Unit Pricing for Production Trim Carpentry
Pros discuss the ballpark price of trimming production homes, and throw a tip or two for making time on the job. November 19, 2005
I'm a self-employed finish carpenter in Hawaii. I am pricing a job consisting of a 104 unit tract of townhomes, with four basic floor plans. I would be doing two units a week, for one year. The casing is 2-1/4 colonial, with no wrap on the windows, only sills. There would be no radiused drywall corners, no crown on the uppers, and postformed tops. The homes have 3 bedrooms, 2 baths, and average kitchen. Would $1.20/sf. be a fair price to charge? Does anyone have any other advice?

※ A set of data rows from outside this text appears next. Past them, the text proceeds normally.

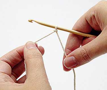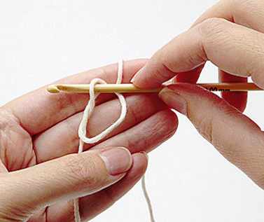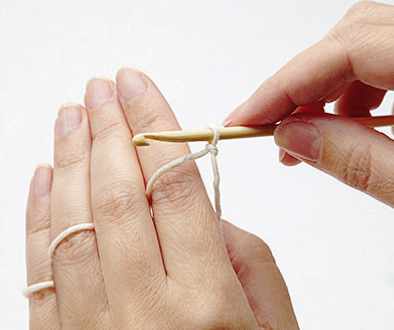 1 Hold the hook in your right hand, and both the yarn end and the working yarn in your left hand. Move the hook under and over the yarn to wrap it around anticlockwise.
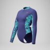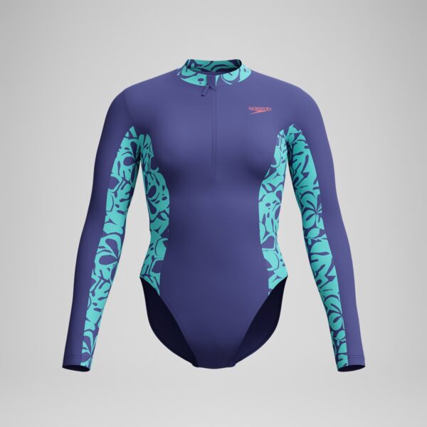 Escapar el 9-5 con nuestro traje de baño de manga larga con exóticos paneles de estampado de flores. Hecho para aventuras en la playa, incluye una cremallera delantera para un fácil cambio. Un clásico forro de botes proporciona soporte. Corte de tejido de secado rápido, resistente al cloro.
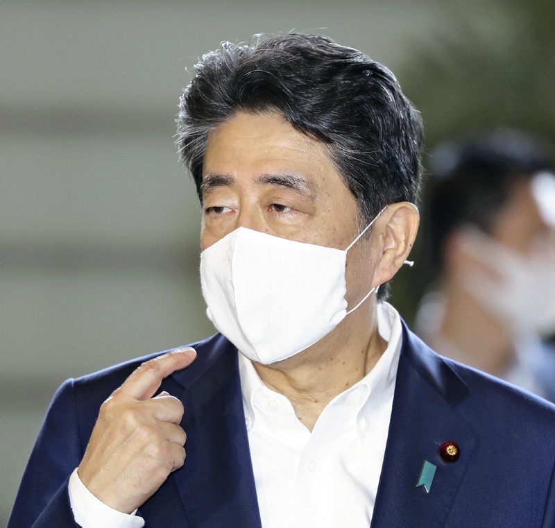 Prime Minister Shinzo Abe was seen wearing a larger mask rather than the smaller one he used to wear, when he went to his office on Monday.
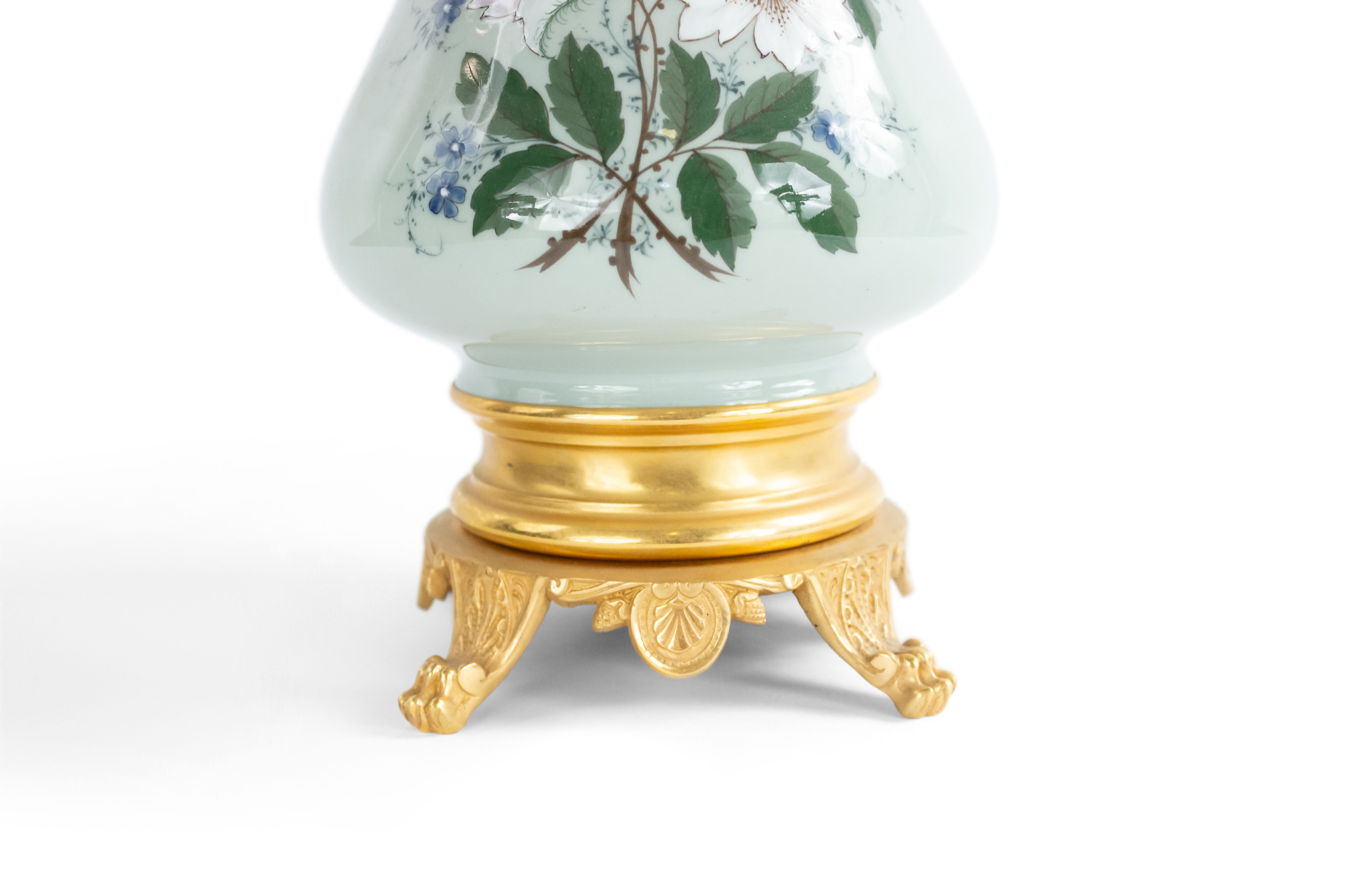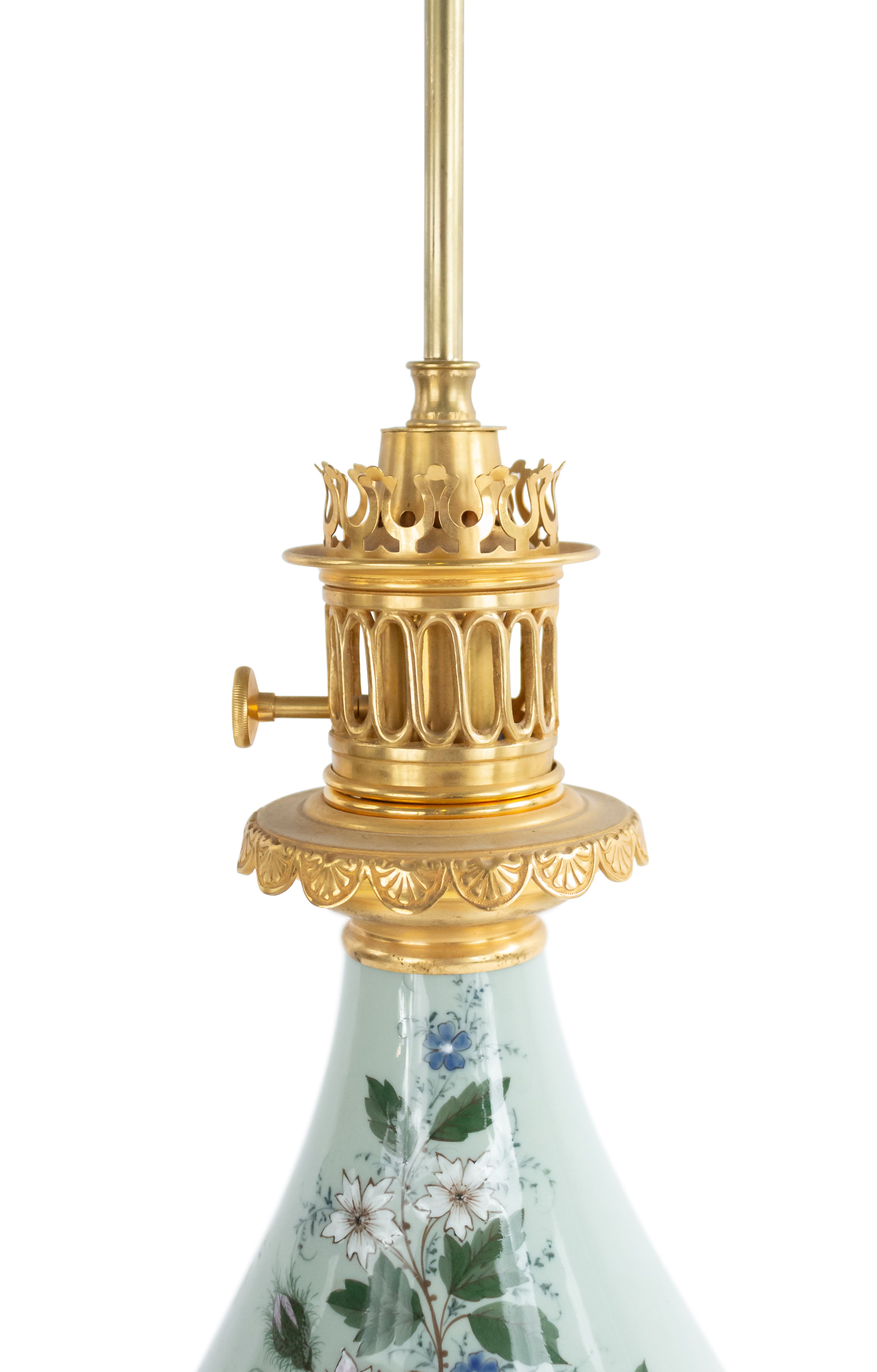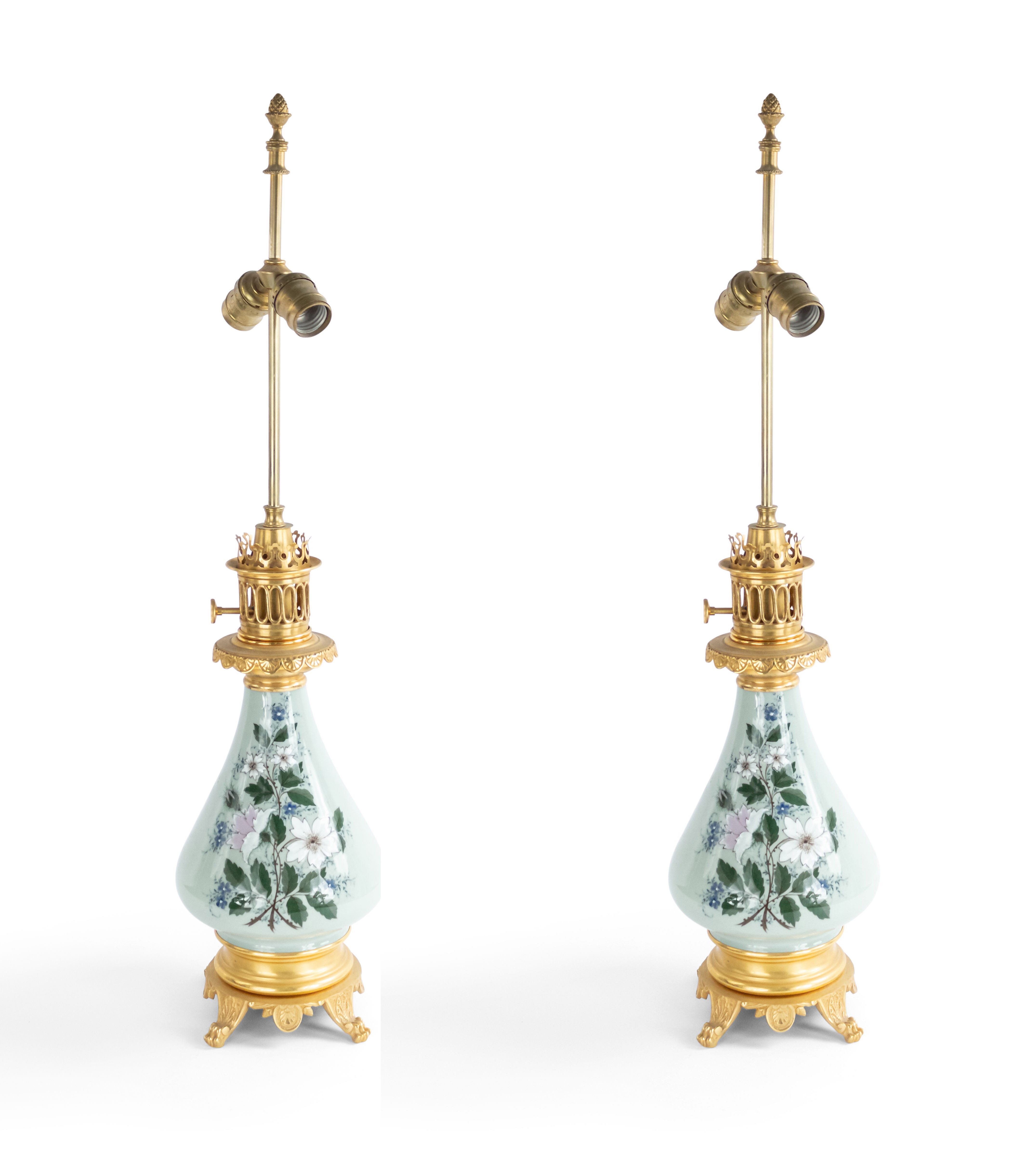 PAIR of French Victorian porcelain pate-su-pate celadon lamps with floral decoration and gilt bronze base and trim. (Originally oil now wired for electric)(PRICED AS PAIR)..
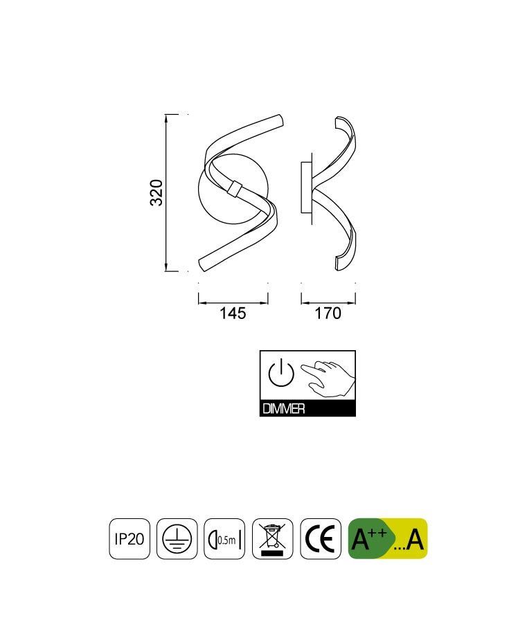 Aplique NUR con acabado en cromo y plata y difusor acrílico. Iluminación mediante LED 10W incluida.
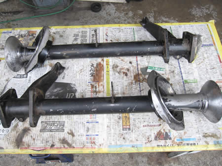 先日お伝えした「〜’67BUSのスピンドルO/H作業 」ではスピンドル側のブッシュ穴が広がっていたためブッシュをワンオフで製作し内外径共に変更しましたが、今回のスピンドル側の穴は問題無し。
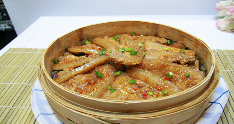 制作方法與我們平時家常菜粉蒸肉有些不同,更為復(fù)雜講究。采用合適比例的粳米和糯米,將辣椒、桂皮、八角、香葉等多種香料炒出濃郁的香氣,然后再磨成細(xì)粉,包裹在提前腌制好的肉片上,最后放入竹籠蒸制一小時。由于蒸制時間長,一部分油脂被釋放,成品軟糯潤滑油入口即化,醇香繞舌,完全沒有油膩的感覺。
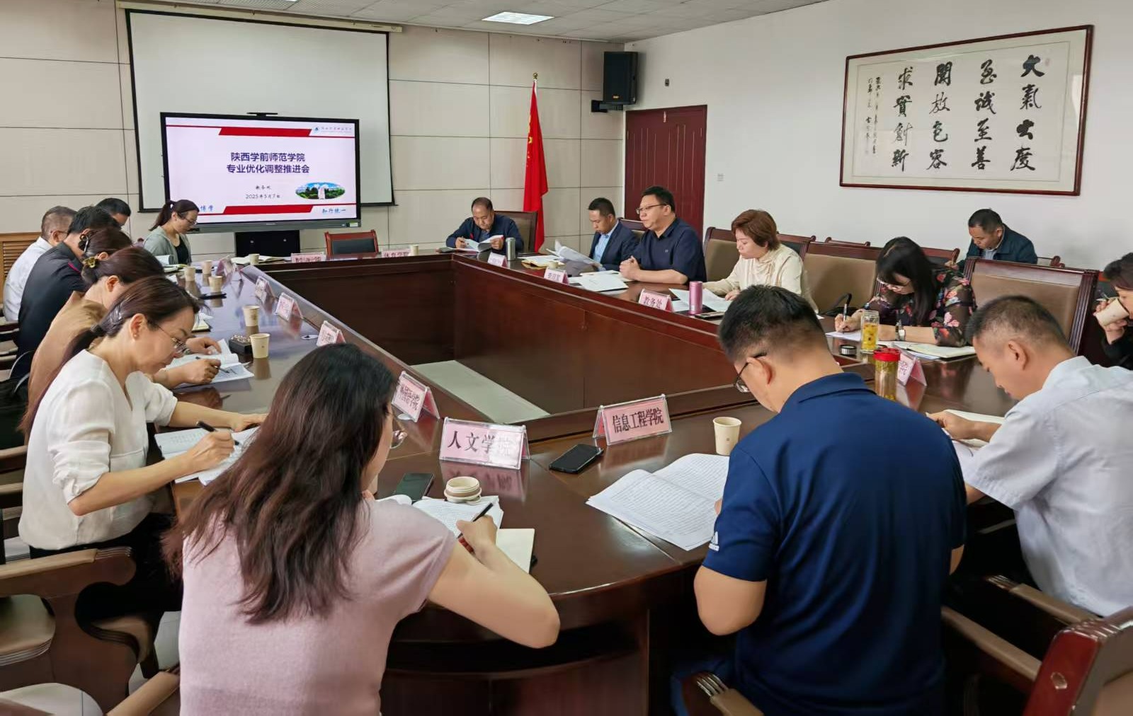 会上,教务处崔洁处长领学并解读了《教育强国建设规划纲要(2024-2035年)》、2025年全国教育工作会议要点、《普通高等教育学科专业设置调整优化改革方案》、高校学科专业设置调整优化工作推进会精神、陕西省本科专业引导发展名单等政策文件精神。随后,各教学单位就本部门专业设置与建设情况,以及未来调整优化思路进行充分交流讨论。另外,发展规划处处长潘炳超和招生就业处处长吕银芳,分别从学校“十五五”学科专业发展规划编制,以及近年来bat365招生、就业以及人才市场需求的角度,为专业调整优化提出指导意见和建议。
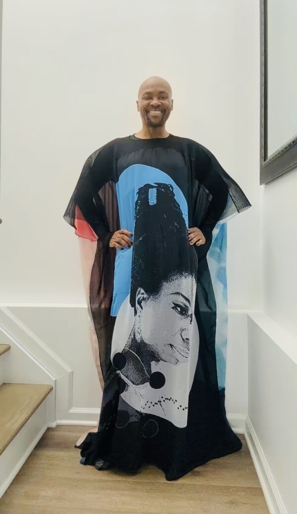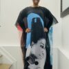 Nina Simone Tribute Kaftan:  The front features a striking monochromatic portrait of Nina Simone set against cool blue and black tones. The composition feels intimate and contemplative, capturing her quiet strength, intelligence, and unmistakable poise. The centered artwork elongates the silhouette, creating a powerful yet elegant focal point.

(Cabinet and Millwork Installation Forum)
From contributor A:
From the information you given I'd say go for it. I get approximately the same here in NY. The bonus for you is that windows are only stool and apron. With two units a week, you’d better hire a helper or two. Check into some production tips also to speed things along. If you have to cut all of the casing, make a tick mark on the wall, at 83" for example, and stand all the legs up against a wall. Then mark all your rights and lefts. For all the head pieces, make up a board with all of the different door sizes on it, for example 2/4, 2/6 etc. This may speed things up a bit for you. Another suggestion would be to attach casing to one side of door before you install it. Then install door, shim from backside, then trim.
From contributor B:
Considering baseboards, doors, window stools, kitchen cabinets, kitchen counter tops, 2 bathroom vanities, that charge sounds low for Nashville, TN much less for Hawaii or NY
From contributor C:
I agree with contributor B. Hire two helpers and add $1.00 p/f. By the time you guys do 3-4 houses you’ll be flying and possibly finish ahead of schedule which obviously means more profit for you. But definitely price it up! An oak tread costs me $6.00 to make and I can get $60.00 for it in MA.
From contributor D:
I agree with contributor A. That’s how I do it and I average right at 13.5 min. per interior door.